A UK public health organization released a report in June recommending that the cosmetics industry ditch the term anti-aging for good, citing “prejudicial attitudes towards older people.” A better way to combat some of these prejudices might be to hire older people in starring TV and movie roles and in advertising, and to celebrate their accomplishments alongside those of their “30 Under 30” cohorts. Normalizing people who have wrinkles and dark spots via representation is a good step toward normalizing their aging skin.

While there does genuinely seem to be a consumer push to be less ageist when we talk about skin and older women, we’ve seen what happens when companies try to co-opt these efforts. The push for size inclusiveness and body positivity embraced by consumers has led to questionable decisions by magazines and retailers trying to capitalize on these themes. Same with the growing mainstream embrace of feminism, which has encouraged the launch of brands that proclaim to be feminist on T-shirts but treat their female employees poorly. This is a setup for brands telling you it’s cool to age but also not to have wrinkles, just like Neutrogena has done.

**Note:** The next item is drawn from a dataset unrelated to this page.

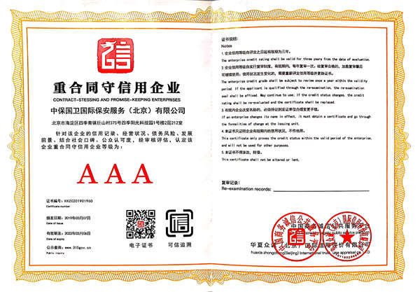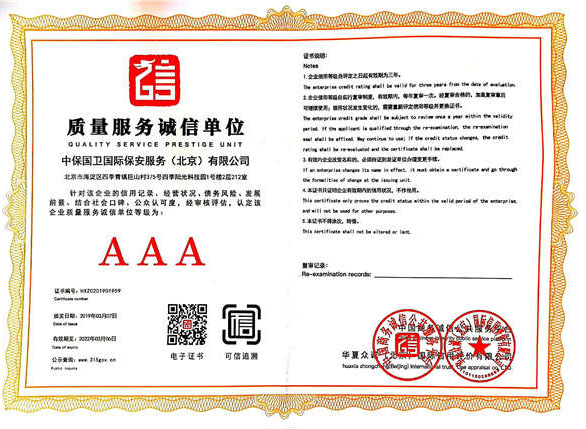 中保國(guó)衛(wèi)國(guó)際保安服務(wù)(北京)有限公司,屬中保國(guó)衛(wèi)集團(tuán)旗下子公司。能全方位的為大型客戶提供優(yōu)質(zhì)的安保、押運(yùn)服務(wù),是集人防和技防于一體的新型正規(guī)化綜合安保押運(yùn)服務(wù)企業(yè),提供人防、物防、技防、聯(lián)網(wǎng)報(bào)*、非武裝押運(yùn)等安防相關(guān)的一站式服務(wù)。 公司在國(guó)內(nèi)多省設(shè)立有分公司及分支機(jī)構(gòu),著重提升安全押運(yùn)、智能技術(shù)押運(yùn)及安全技術(shù)防范相關(guān)的服務(wù),業(yè)務(wù)范圍覆蓋全國(guó)一、二線城市、港澳地區(qū)以及海外地區(qū)。安保方面主要為政府機(jī)構(gòu)、金融機(jī)構(gòu)、企事業(yè)單位、醫(yī)療衛(wèi)生、高等院校、工業(yè)園區(qū)、大型商場(chǎng)、高檔住宅、智能商務(wù)樓、大型活動(dòng)提供門(mén)衛(wèi)、守護(hù)、巡邏、押運(yùn)(非武裝)、安全檢查、保安特勤、私人護(hù)衛(wèi)、消防中控、安全技術(shù)防范、遠(yuǎn)洋護(hù)航等全方位服務(wù),同時(shí)面向國(guó)際市場(chǎng),為中資企業(yè)在“一帶一路”沿線國(guó)家投資提供境外安保服務(wù)。 >> 更多內(nèi)容 |

What is clear is that no one is ready to give up on putting stuff on their faces — the booming skin care sales numbers confirm this. Skin care feels good. We think it makes us look good. And yeah, possibly we’ve all been brainwashed by a patriarchal, sexist society and a complicit beauty industry to internalize the message that dewy, clear skin equals good skin. We’re just not there yet as a society to give it up.

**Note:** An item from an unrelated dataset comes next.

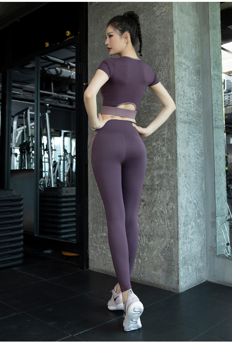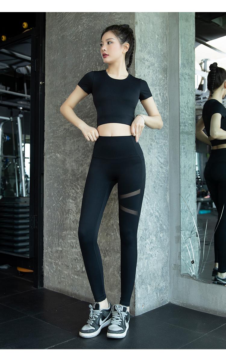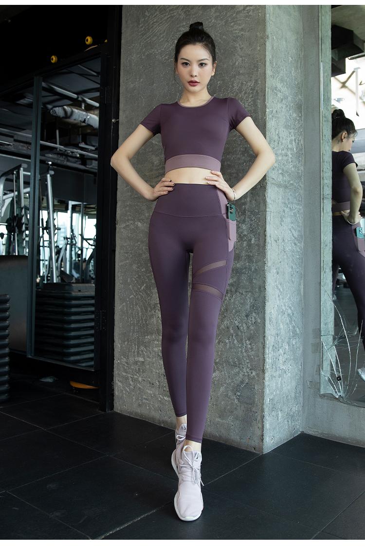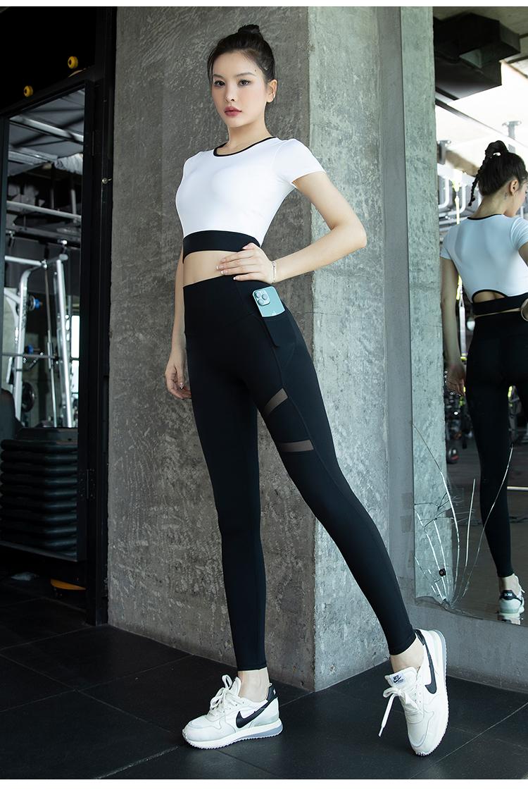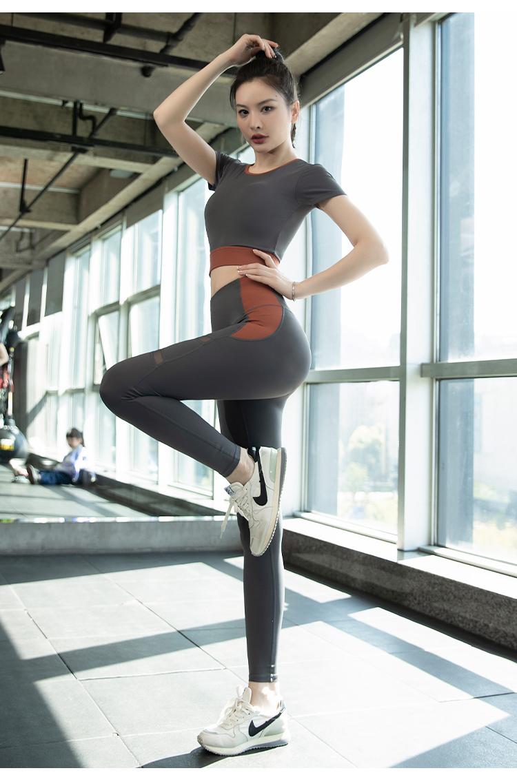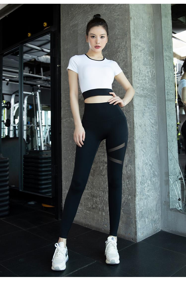여성용 요가복 2024년 신스타일 가슴 패드 반팔 스포츠 피트니스 필라테스 트레이닝복 상의 고급 슈트

Even if these gestures by brands seem superficial, talking about it is still a step in the right direction. Lee took the criticism she received in stride, and says she also received plenty of positive feedback on her magazine’s anti-anti-aging initiative, including from AARP. Allure’s November issue will be devoted to the topic of anti-aging again, though Lee declined to provide more details. “I do think that words have power,” she said. “To me, it’s a positive thing for us to explore how our words and our actions can affect people.”